Your assignment
Repeat the listing below exactly. Pictures do not belong in the copy.

Supplied material
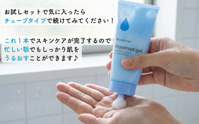 お試しセットで保湿力を実感し、肌に合うなと感じたら、チューブタイプでケアを続けてみてください。
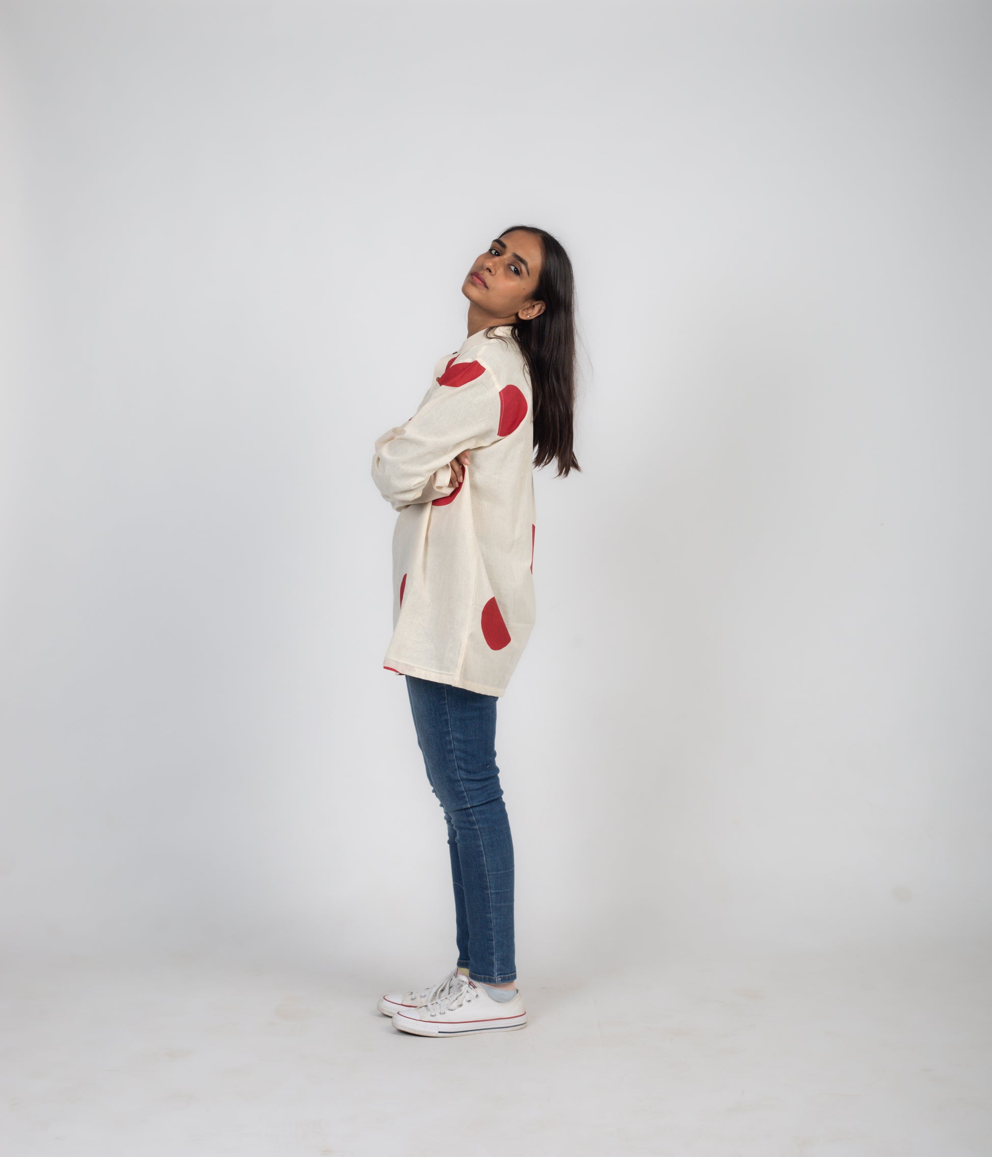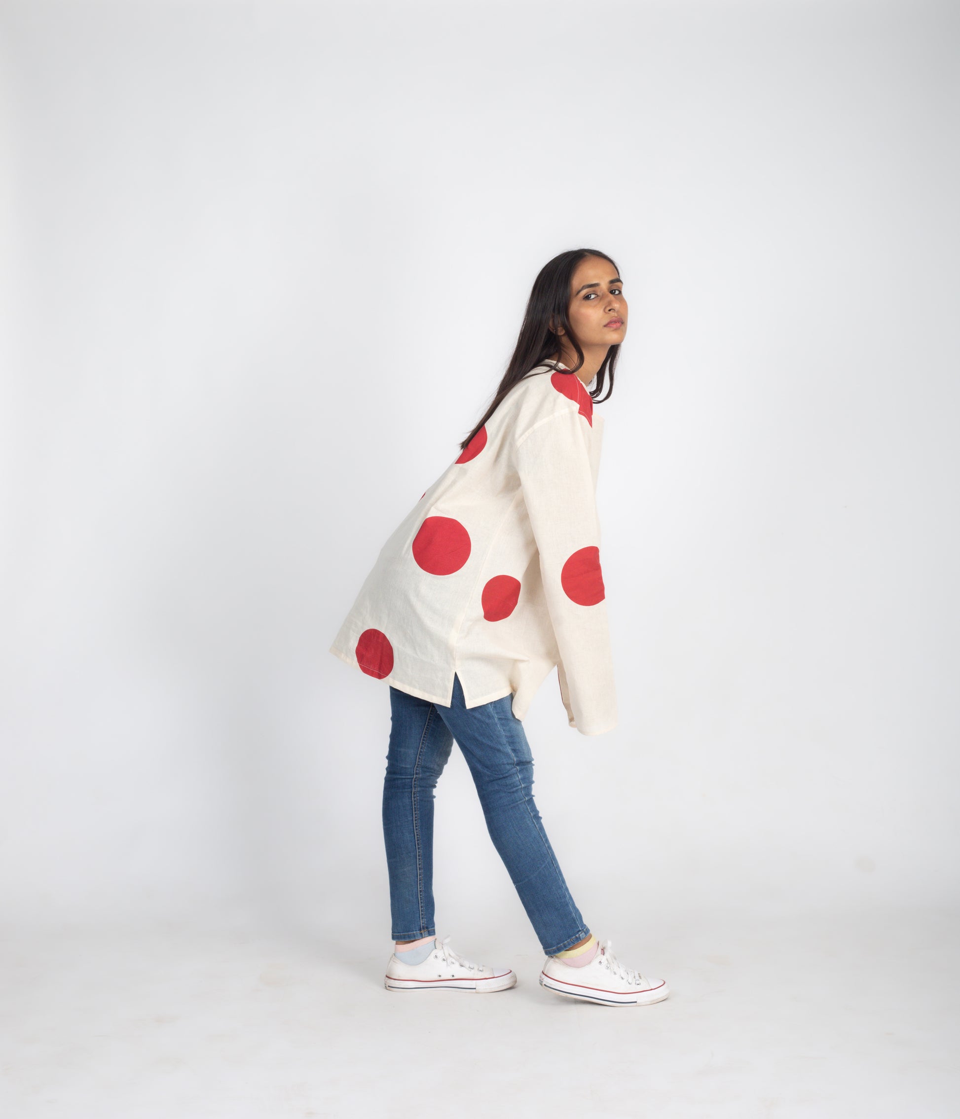 Elevate your style with our Rising Sun Short Kurta Style Shirt. Made with handwoven cotton, this off-white shirt features red dot screen printing, a mandarin collar, and full sleeves. Enjoy the perfect blend of comfort and sophistication.
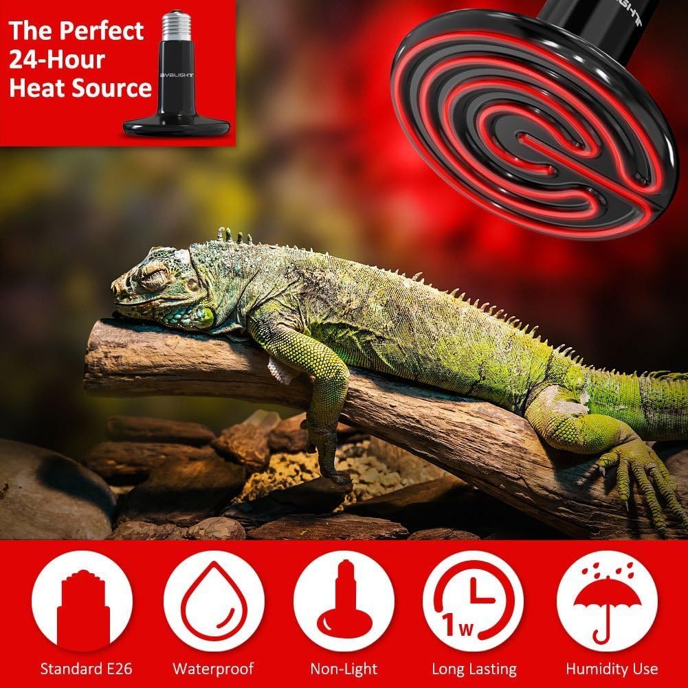 1.✔ No Light Emitted No Harm: Emits a natural “sun-like” infrared heat.This non-light emitting heater bulb offers an excellent 24 hours heat source and will thoroughly heat any reptile without the disturbance of an additional light source.
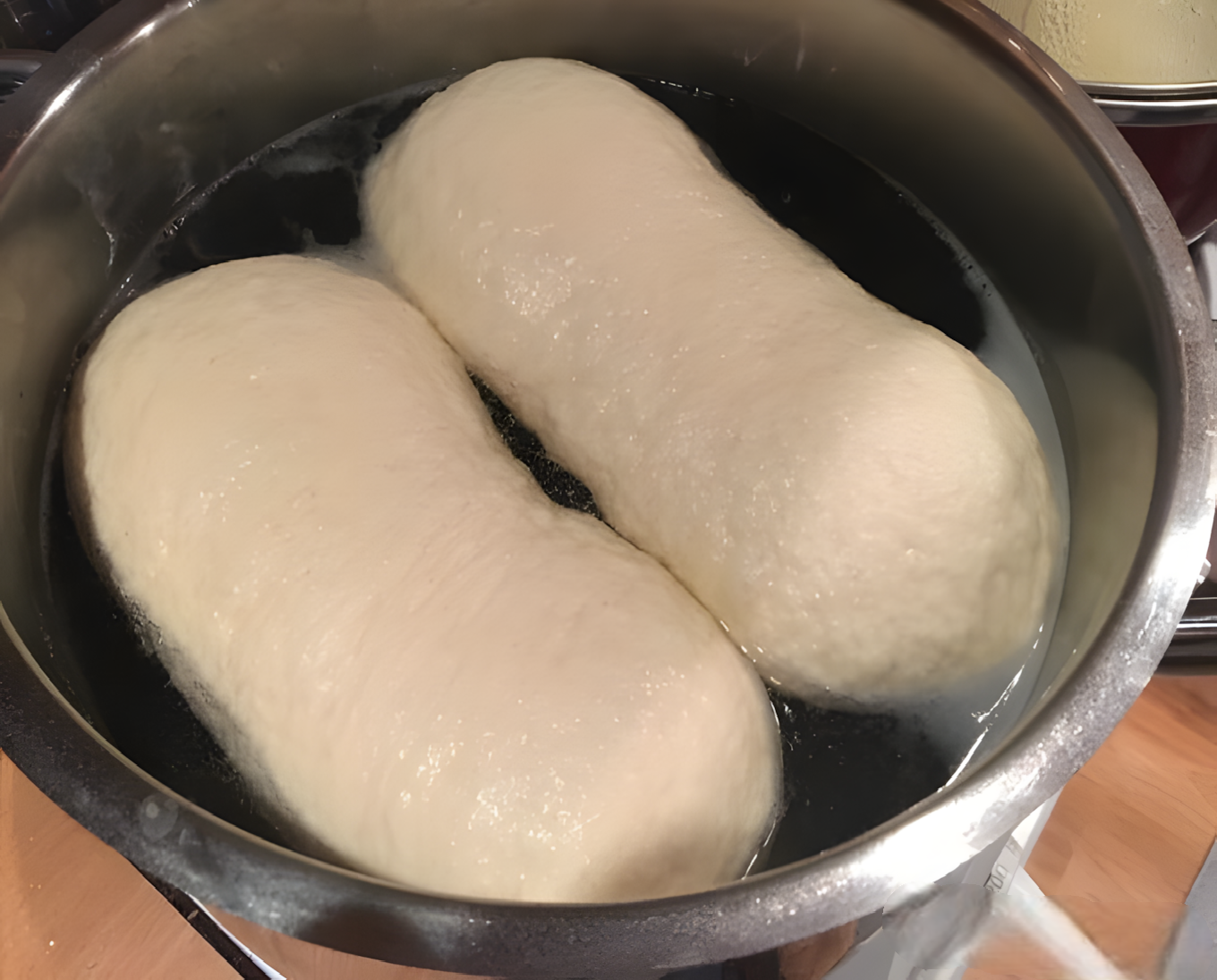 2. Verdeel het deeg na het rijzen in 4 gelijke delen, vorm er dumplings van en laat ze op het werkblad nog 20 minuten rijzen.

Your response
 お試しセットで保湿力を実感し、肌に合うなと感じたら、チューブタイプでケアを続けてみてください。
 Elevate your style with our Rising Sun Short Kurta Style Shirt. Made with handwoven cotton, this off-white shirt features red dot screen printing, a mandarin collar, and full sleeves. Enjoy the perfect blend of comfort and sophistication.
 1.✔ No Light Emitted No Harm: Emits a natural “sun-like” infrared heat.This non-light emitting heater bulb offers an excellent 24 hours heat source and will thoroughly heat any reptile without the disturbance of an additional light source.
 2. Verdeel het deeg na het rijzen in 4 gelijke delen, vorm er dumplings van en laat ze op het werkblad nog 20 minuten rijzen.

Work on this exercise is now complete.